** Opening RECORDS FOR PROCESSING block **

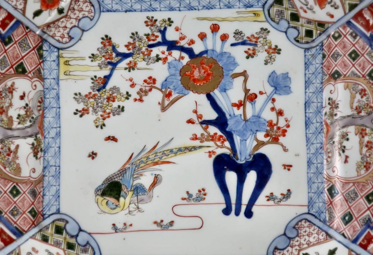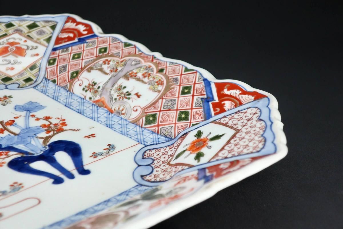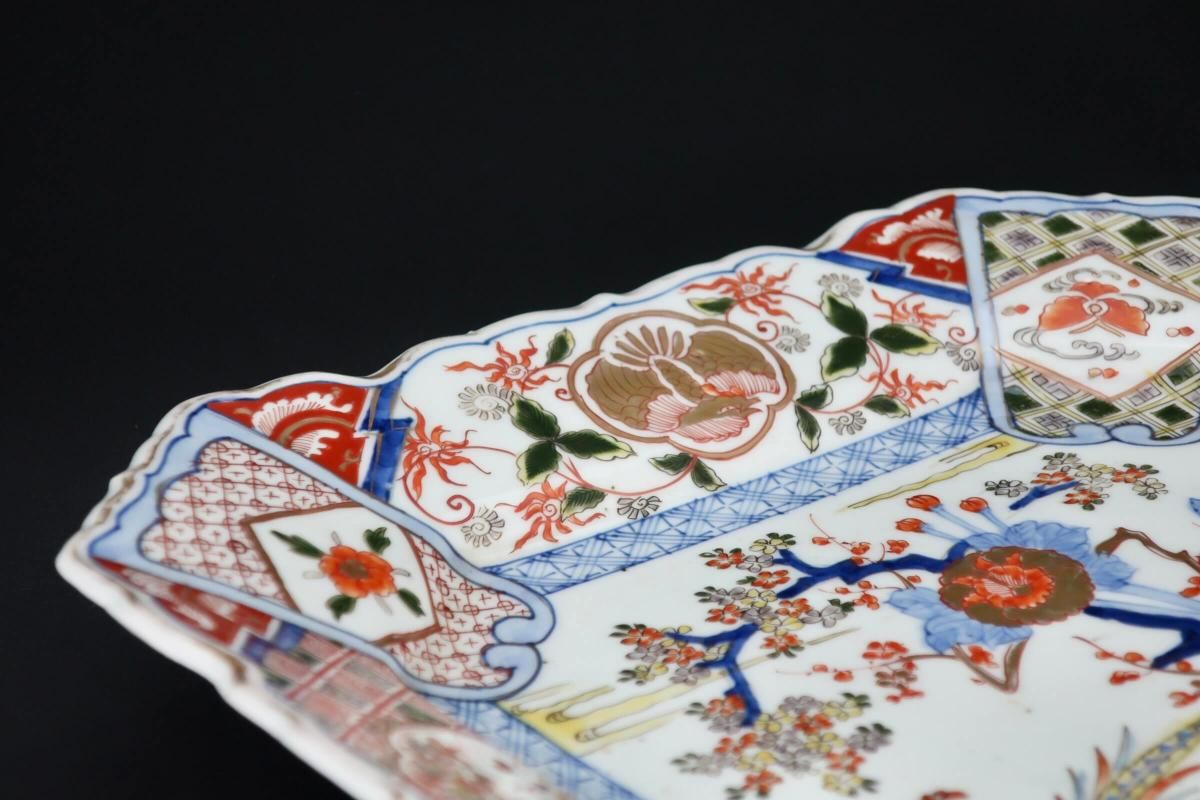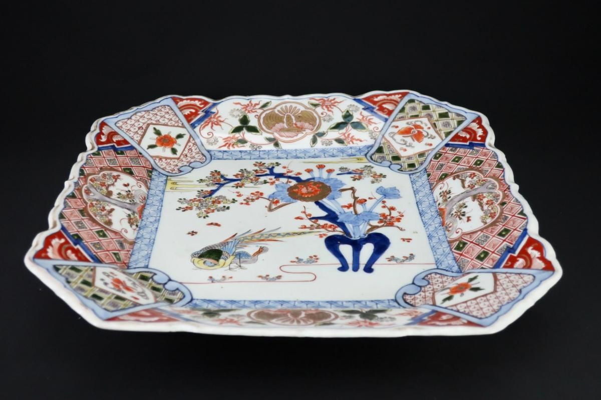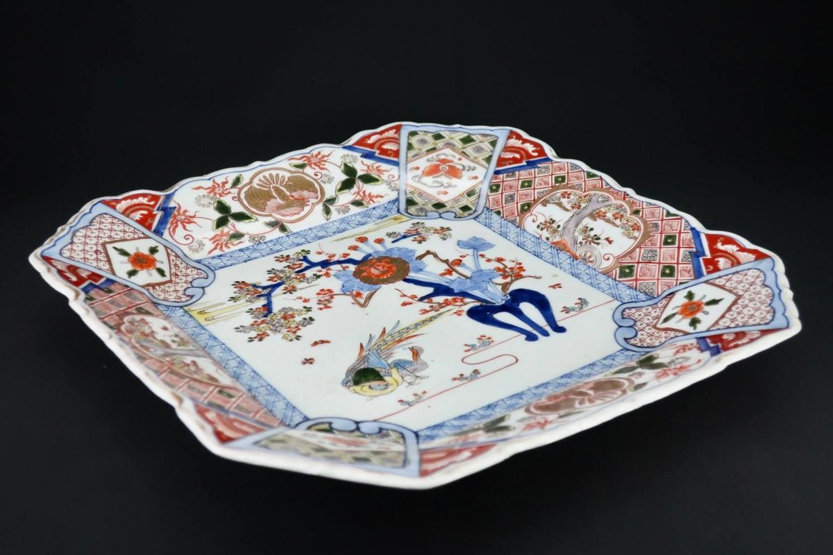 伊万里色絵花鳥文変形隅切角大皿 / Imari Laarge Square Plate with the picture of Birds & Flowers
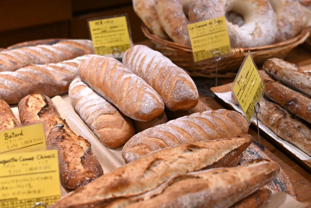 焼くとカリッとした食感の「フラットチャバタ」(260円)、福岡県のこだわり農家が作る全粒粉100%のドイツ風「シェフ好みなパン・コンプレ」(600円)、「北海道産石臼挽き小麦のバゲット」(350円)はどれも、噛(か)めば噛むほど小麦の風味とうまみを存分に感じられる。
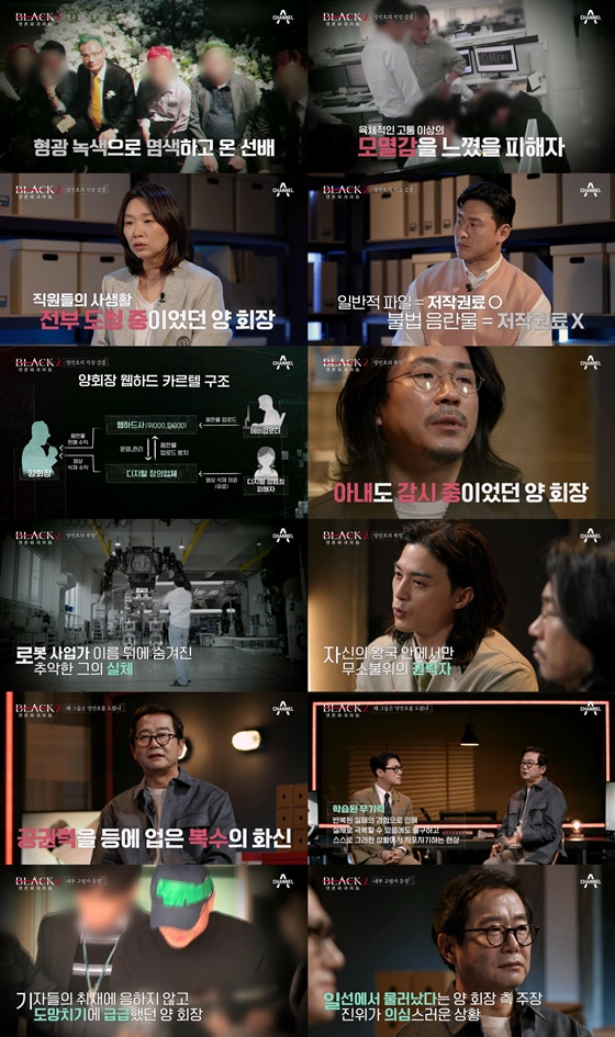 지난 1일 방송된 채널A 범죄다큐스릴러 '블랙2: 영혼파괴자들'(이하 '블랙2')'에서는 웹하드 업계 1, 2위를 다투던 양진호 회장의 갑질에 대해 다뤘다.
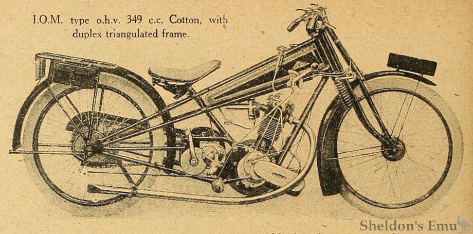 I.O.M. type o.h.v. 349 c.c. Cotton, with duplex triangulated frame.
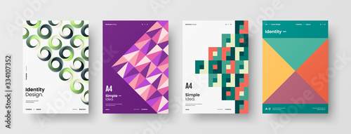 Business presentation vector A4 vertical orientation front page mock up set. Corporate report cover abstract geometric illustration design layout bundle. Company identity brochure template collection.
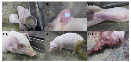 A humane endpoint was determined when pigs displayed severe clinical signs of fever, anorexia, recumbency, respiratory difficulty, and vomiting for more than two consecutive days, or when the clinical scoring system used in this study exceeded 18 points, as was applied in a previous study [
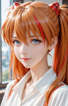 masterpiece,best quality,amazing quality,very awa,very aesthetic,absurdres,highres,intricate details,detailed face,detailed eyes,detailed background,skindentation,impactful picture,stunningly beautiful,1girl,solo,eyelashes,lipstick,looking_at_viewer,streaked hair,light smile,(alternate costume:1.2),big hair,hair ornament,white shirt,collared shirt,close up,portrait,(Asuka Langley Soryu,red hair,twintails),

** Closing RECORDS FOR PROCESSING block **

ASSIGNMENT – From the records above, copy only the lines running from the line containing "I.O.M. type o.h.v." to the line containing "Business presentation vector", both ends included. Leave the pictures out.

ANSWER BOX –
 I.O.M. type o.h.v. 349 c.c. Cotton, with duplex triangulated frame.
 Business presentation vector A4 vertical orientation front page mock up set. Corporate report cover abstract geometric illustration design layout bundle. Company identity brochure template collection.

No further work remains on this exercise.